William the Conqueror gave the land to Hugh de Port and since
'an' or 'anne' was a Celtic word for 'brook', so the village was called Anne de
Port. Later this became Amport.
We live in East Cholderton, a name that often causes confusion to people - specially to visitors from afar who cannot understand why a) it is not shown on any motoring atlas or b) it isn't merely on the eastern outskirts of Cholderton, which is shown. Hardly surprisingly, a lot of our visitors tend to be late for lunch. We also meet some very animated lorry-drivers who think they are on the road to Salisbury.

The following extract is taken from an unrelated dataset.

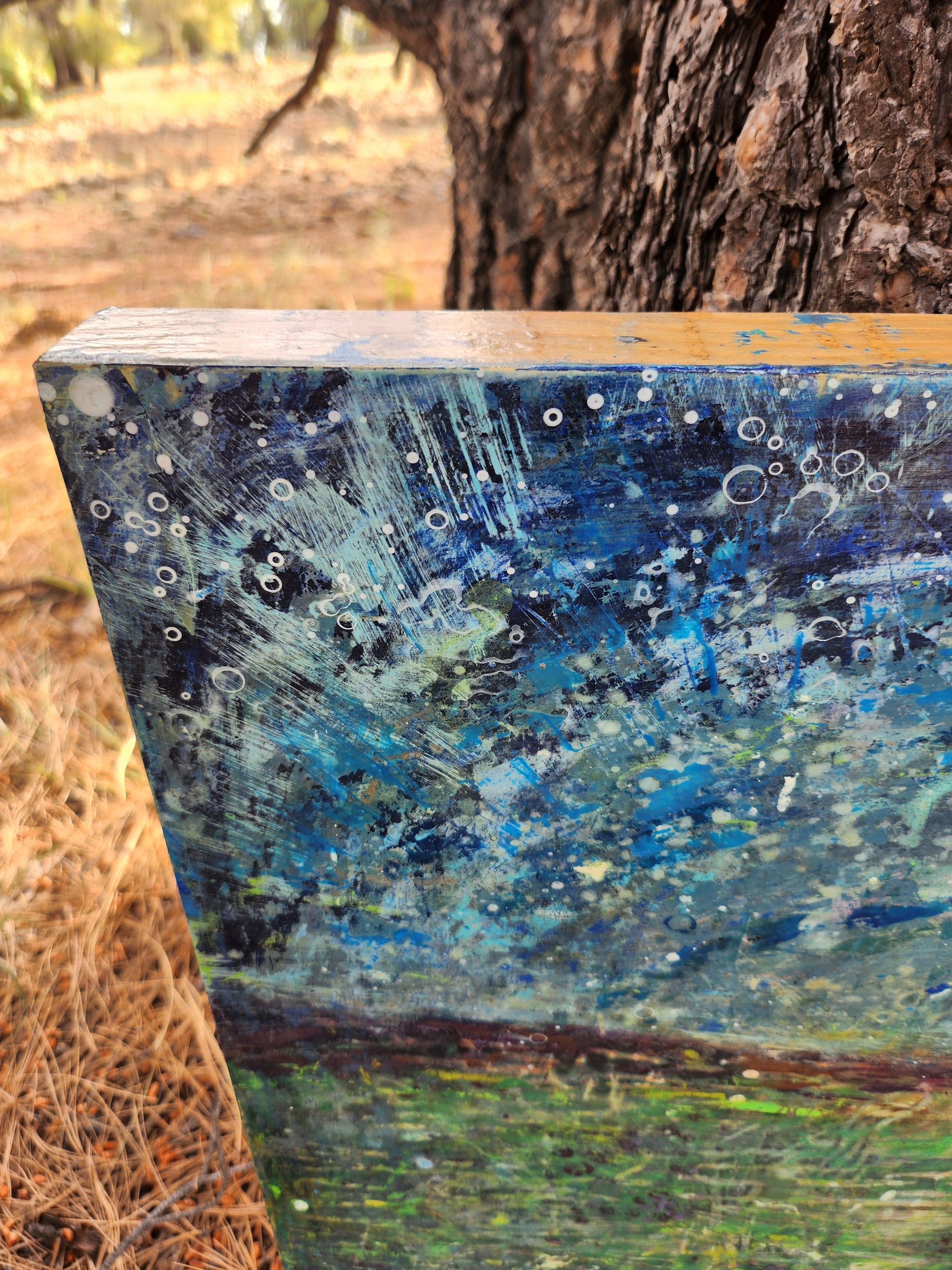 These artworks are the visual retelling of this journey. A reflection of what I have searched for and found while living full-time on public lands. They're created using a lengthy process of natural weathering and layer upon layer of oil pastel, ink, paint and various print techniques.This one shows the full moon rising over the Arizona Verde Valley, as viewed from my campsite in Cottonwood .

It wasn't until looking up the derivation of the name in a reference book that I realised you have to go back to the Domesday Book of 1086 to reach the truth: which is, that they then had different names (though similar) and over the years these have gradually come together to form the modern name of Cholderton.
Back in 1086, East Cholderton - the Hampshire Cholderton - was recorded as Cerewartone. The 'tone' ending derives from the Old English 'tun', a homestead or village, and the first part of the name is that of the family living there. The full derivation is roughly 'the homestead of Ceolweard's people'.
Meanwhile Cholderton in Wiltshire appeared in Domesday Book as Celdrintone or Celdretone. This too has a similar derivation, thus perhaps the homestead of Celdrin's people.
With few written records until modern times, the names gradually changed over the years. More recently, the Wiltshire Cholderton became known as West Cholderton, but this distinction was soon dropped so we are left with the present, typically English, muddle of lost lorries and late lunch guests.